The relief of both regions is also strongly determined by lithology and rock resistance. Therefore, characteristic features of relief are numerous rock outcrops forming tors and mid-slope crags (Fig. 11.2e, f). They developed mainly in gneiss and quartzite and less commonly also in mica schists (with less spectacular sizes). Tors occur in the upper parts of the slopes, in the zones of convex slope breaks, as well as on the plateaus and around the peaks. They take various forms: rock walls, pulpits, rock spurs, and towers. Their shapes follow the pattern of cracks and fissures or cleavage and their common feature is morphological asymmetry (Migoń 1996). In the Śnieżnik Massif, the highest tors are 15 m high (Mariańskie Skały), and the length of the outcrop can reach up to 50–60 m (the rock group at the top of Mt. Młyńsko, the rock wall on Mt. Żmijowiec). In the Złote Mountains, tors are up to 30 m high (Trojan, Skalna Brama/Rock Gate) and 100 m long (Skalny Mur/Rock Wall). They are most common around the town of Lądek-Zdrój, where they serve as climbing routes and viewpoints (Sobczyk 2005).

Tors within the slopes are found in many deeply incised valleys, where the slope is up to 30°. Rock outcrops are often accompanied by block fields, with single boulders up to 2–3 m long. Blocky-debris and debris-sandy-silty covers are also common, testifying to the intensity of denudation processes in periglacial conditions. Locally, they form tongues and block streams, and the structure of the covers indicates their origin by solifluction processes (Martini 1979; Traczyk 1996). The thickness of slope covers is 1–1.5 m on average, reaching higher values ​​in the lower parts of the slopes, for example, up to 4–6 m in the Kleśnica valley bottom (Traczyk 1996). In the lower slope sections, colluvial sandy loam covers predominate, which may be associated with later anthropogenic activity (see Sect. 11.5). Particular periglacial landforms include frost cliffs and steps several metres high, and cryoplanation terraces up to 50 m long, covered with angular boulders. These forms are closely related to lithology, appearing along the contact of more resistant rocks (gneisses, quartzites) and less resistant schists (Martini 1979). Landforms of periglacial origin within the Śnieżnik dome also include nivation hollows (Martini 1979), patterned grounds, and earth hummocks (Klementowski 1998).

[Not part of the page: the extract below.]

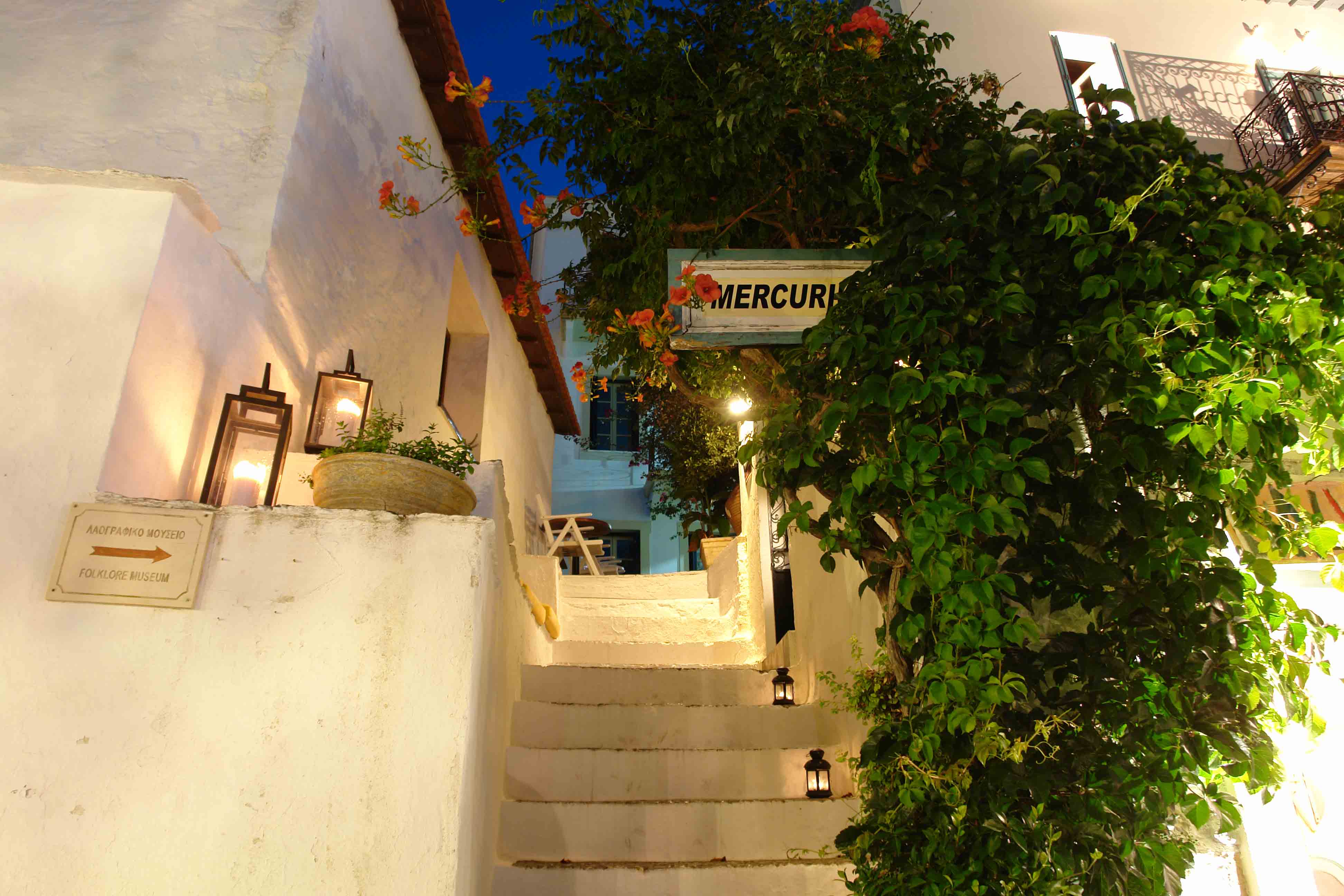 Επιπλέον, η τοποθεσία του μπαρ είναι επίσης ιδανική, καθώς από τη βεράντα του Mercurius, έχετε θέα στο παλιό λιμάνι της Σκοπέλου.

The Śnieżnik Massif and the Złote Mountains combined are also one of two main areas of carbonate rocks occurrence in the Sudetes. Various forms of surface and underground karst have developed, including numerous caves (Pulina 1977). One of the most spectacular—not only at the scale of the Sudetes, but throughout Poland—is the Niedźwiedzia Cave, which is open to the public and characterized by very rich and varied dripstone forms (speleothems) (Jahn et al. 1989). As a result of recent discoveries, the karst system turned out to be much more extensive than originally assumed (Sobczyk et al. 2016; Kasprzak and Sobczyk 2017). The total length of the currently explored corridors is approximately 4.5 km, the height difference is 118 m, and the largest chamber, the Mastodon Hall, is 115 m long, 20 m wide, and 20 m high (Haczek et al. 2014). Furthermore, the best developed examples of surface karst are found in the vicinity of the Niedźwiedzia Cave, in the Kleśnica valley. These are karst springs, ponors, sinkholes, and dry valleys (Pulina 1977; Jahn et al. 1989).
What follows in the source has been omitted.